When buying & selling stocks is it better to have an ira account even when i take some out to pay bills?


Question:
trying to understand if i'm better off tax wise to not have a ira account due to early withdrawal penalty taxes

Answer:
The only benefit for having an IRA that you expect to use prior to retirement is if you take out $10,000 for a first time home purchase, or you use it for qualified higher education (tuition, fees, books, expenses). In that case, the IRA withdrawal, although it will be taxed as income, it will not incur the 10% penalty. Why is this better than a taxable account? Because all the while you are deducting the contribution from your income AND the earnings are growing tax deferred. Plus, if it turns out you do NOT need the money, it can stay safely in the IRA until retirement. I certainly wouldn't put in money that I was planning on using for a car or vacation...but if you want an emergency fund that is hard to touch (prevents temptation) and could be kept for retirement, and IRA is hard to beat.
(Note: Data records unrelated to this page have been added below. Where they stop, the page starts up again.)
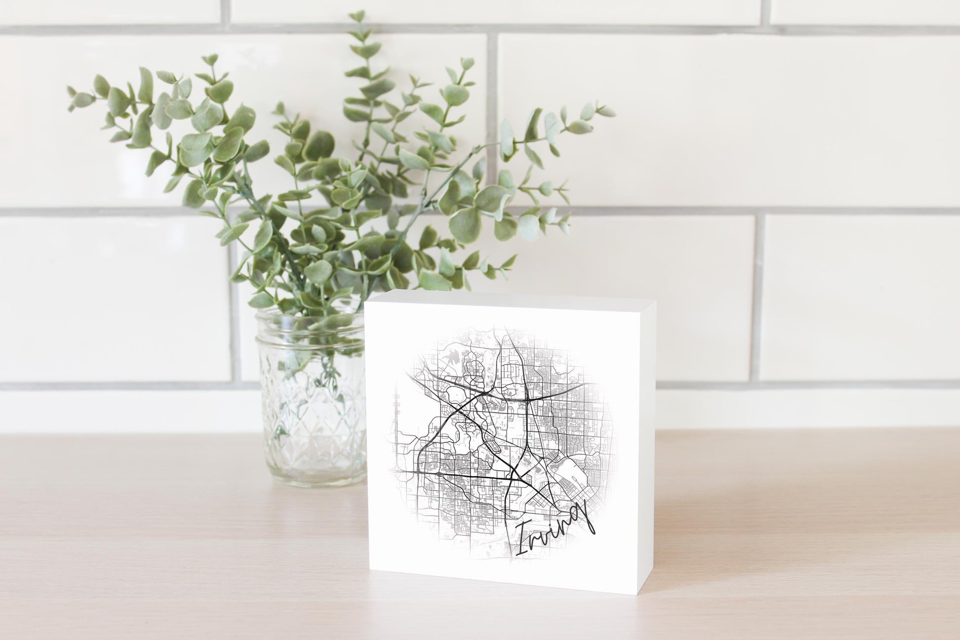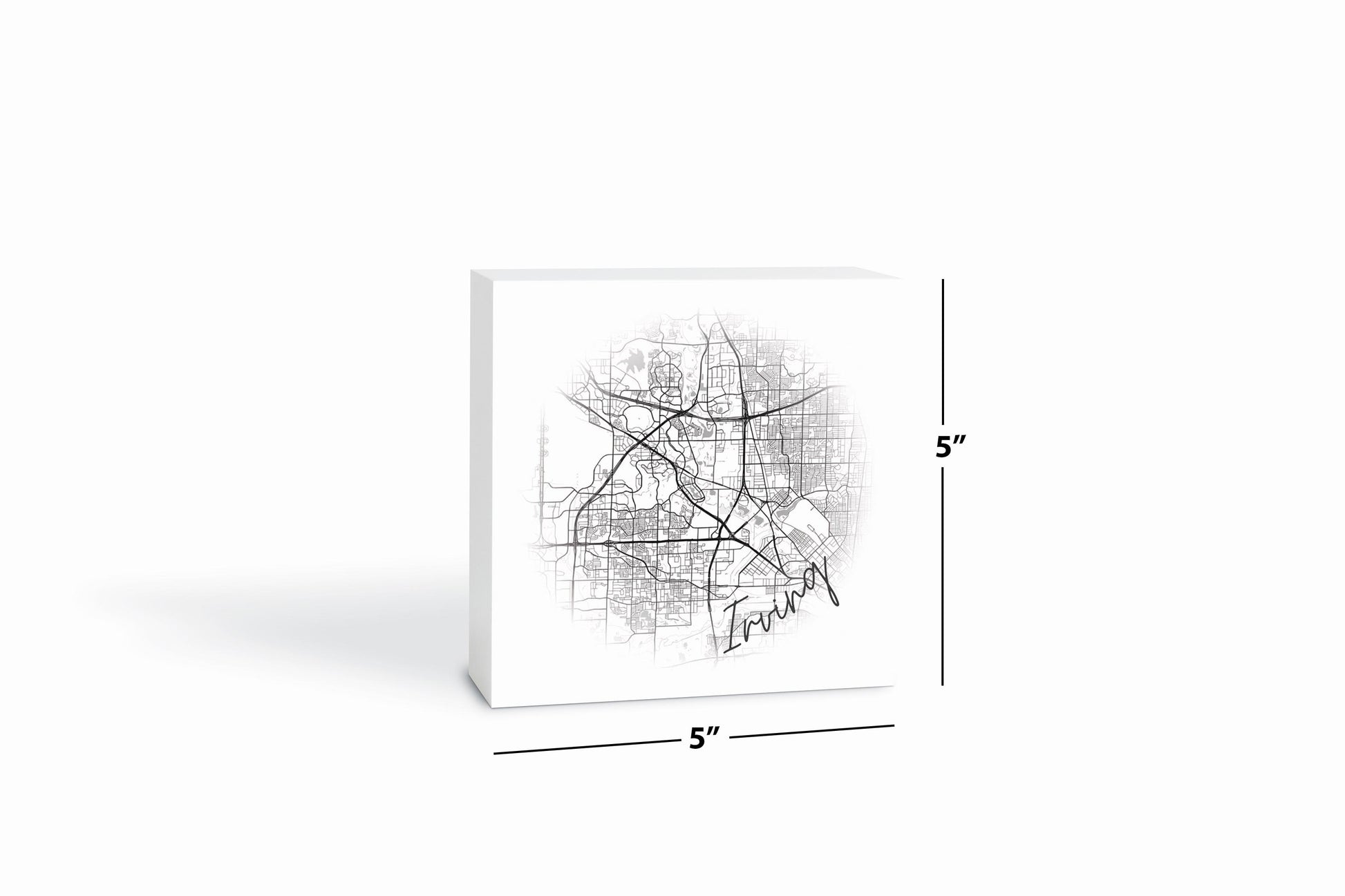 Minimalistic B&W Texas Irving Circle Map | Wood Block | Eaches | Min 4
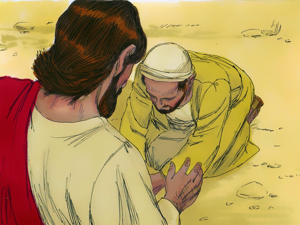 Jesus cura o cego Bartimeu - Jesus e os discípulos chegaram à cidade de Jericó. Quando ele estava saindo da cidade, com os discípulos e uma grande multidão, encontrou um cego chamado Bartimeu, filho de Timeu. O cego estava sentado na beira do caminho, pedindo esmola. Quando ouviu alguém dizer que era Jesus de Nazaré que estava passando, o cego começou a gritar: — Jesus, Filho de Davi.
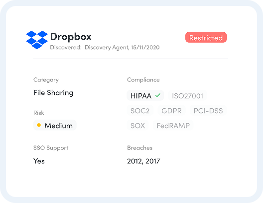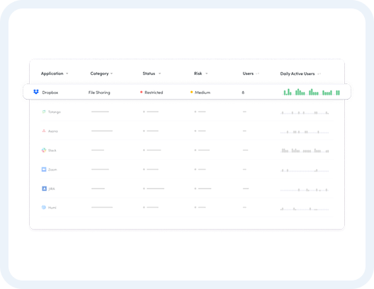 By deploying a small agent on user devices, Augmentt can capture useful metrics regarding every application used in an organization. This information is helpful for cyber insurance, cost analysis, productivity management and for demonstrating compliance to regulatory governing bodies and for compliance reporting.
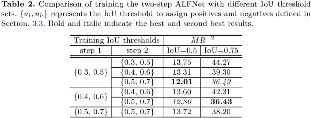 拥有数量急剧上升的正样本,使得利用更高IoU阈值训练检测器成为可能,为此作者做了不同IoU阈值训练的验证实验,如表2所示,以两步的ALFNet为例,实验表明利用提升的IoU阈值训练(从{0.3, 0.5}到{0.5, 0.7})得到了最佳检测性能,这一点和Cascade R-CNN[1]中得到的结论是一致的。
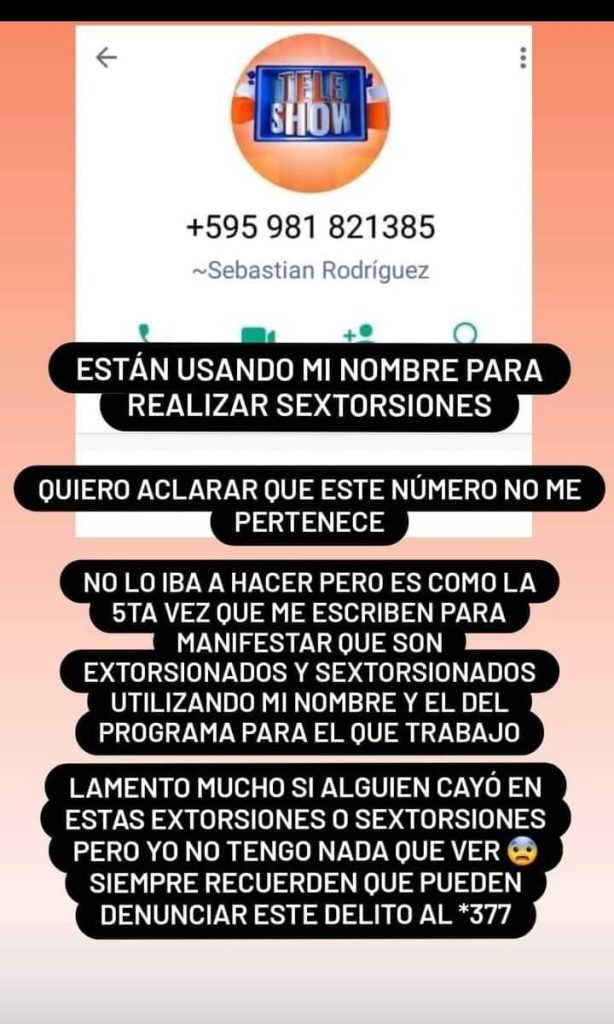 Esta vez, utilizaron el nombre de Sebas Rodríguez y el del programa Teleshow para extorsionar a la gente. Según la publicación que realizó el periodista, es la quinta vez que le avisan que están operando de esta manera.
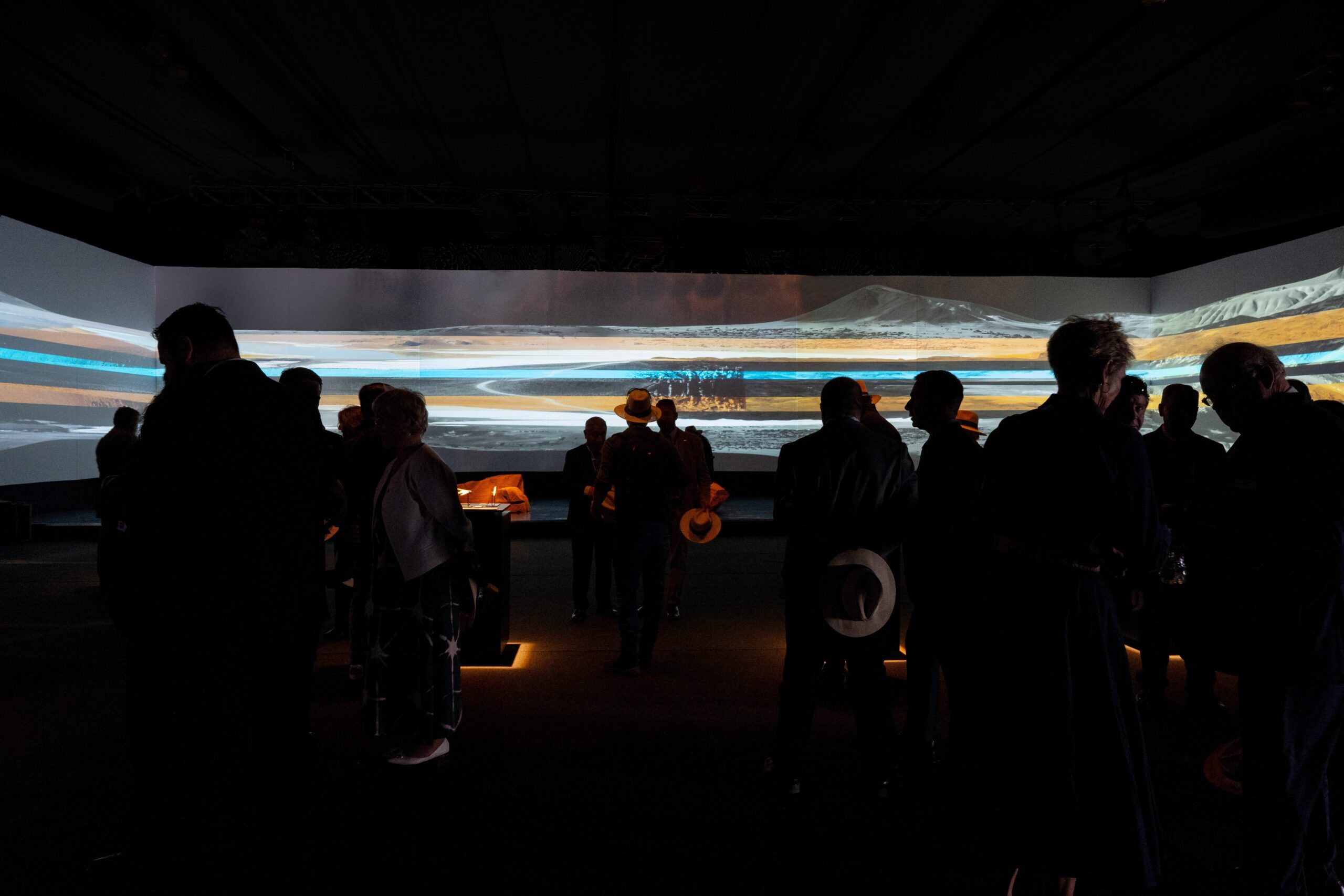 La terraza de bienvenida fue concebida como un espacio corporativo, donde el contraste de la puesta en escena empapaba a los invitados de Teck desde su llegada. Un lugar de recepción donde la vitalidad y la comunidad se volvían a encontrar. Para continuar, se generó un espacio de transición que introducía el concepto principal: El pulso de la tierra. Los invitados procedían a una sala inmersiva, oscura e intrigante, un museo efímero donde se exhibieron muestras arqueológicas rescatadas del proceso de construcción del puerto y minerales propios del territorio norteño. Un gran lienzo acompañaba proyectando una pieza audiovisual y una sonorización envolvente, cautivando y transportando a los invitados al territorio y al centro de nuestra tierra. La sala de ceremonia, ubicada a continuación, fue testigo de una secuencia de hitos inaugurales que dejaron a los espectadores conectados con la esencia de Teck. Gráfica audiovisual acompañó toda la función y cumplió un rol fundamental al proyectar la épica construcción de la mina y puerto. El cierre estuvo a cargo de la orquesta de tarapacá con una musicalización compuesta y dirigida por Hugo Manzi, acompañado de una pieza multimedia que permitía sentir y visualizar el ritmo de la música de Violeta Parra reflejados en elementos de la tierra. Estratégicamente se guardó la vista al puerto para el final. Se diseñó un momento de distensión y cocktail en una gran terraza con increíbles vistas panorámicas al mar como una oda visual a la monumentalidad de la industria, creando una conexión emocional única entre los asistentes.

A Roth IRA is another good choice. You can always pull out money you put into the Roth without any taxes or penalties as long as you don't touch the earnings.

But, if you want an account to pay bills, neither account is better than a simple checking or savings account. If the amount of money you keep in there is substantial, look around for a good interest rate. Otherwise, look for low fees.
If you are going to take money out, it is better to get a money market account or something. Taking money out of and IRA is taxable income and 10% penalty. Try mutual funds or money markets.
Better to have both IRA and non IRA accounts. The money earned withing the account can acculuate tax free until such time as you withdraw it. Try not to touch it early due to the penalty. Have a non IRA account for purposes of using the money otherwise.
The idea of an Individual Retirement Account (IRA) is to segregate retirement investment money from normal money (see link 1). You can't touch this stuff except in an emergency, major emergency, and even then you have penalties (see link 3). If you put money into an IRA, kiss it good by until you are ready to take it out during your retirement (see link 2).

Think of it like making really risky speculations or gambling--set aside only that which you can afford to lose. The beauty of an IRA is that, unless you invest in stuff like Enron and WorldCom, you don't lose this money, it is there when you are ready to retire.
If you are older than 59 1/2 and you are not holding the stocks for more than a year, it is a great idea because the only tax liability is on what you withdraw. This means that you can reinvest your capital gains tax deferred - they will be taxed as ordinary income when you withdraw. I do this pretty frequently.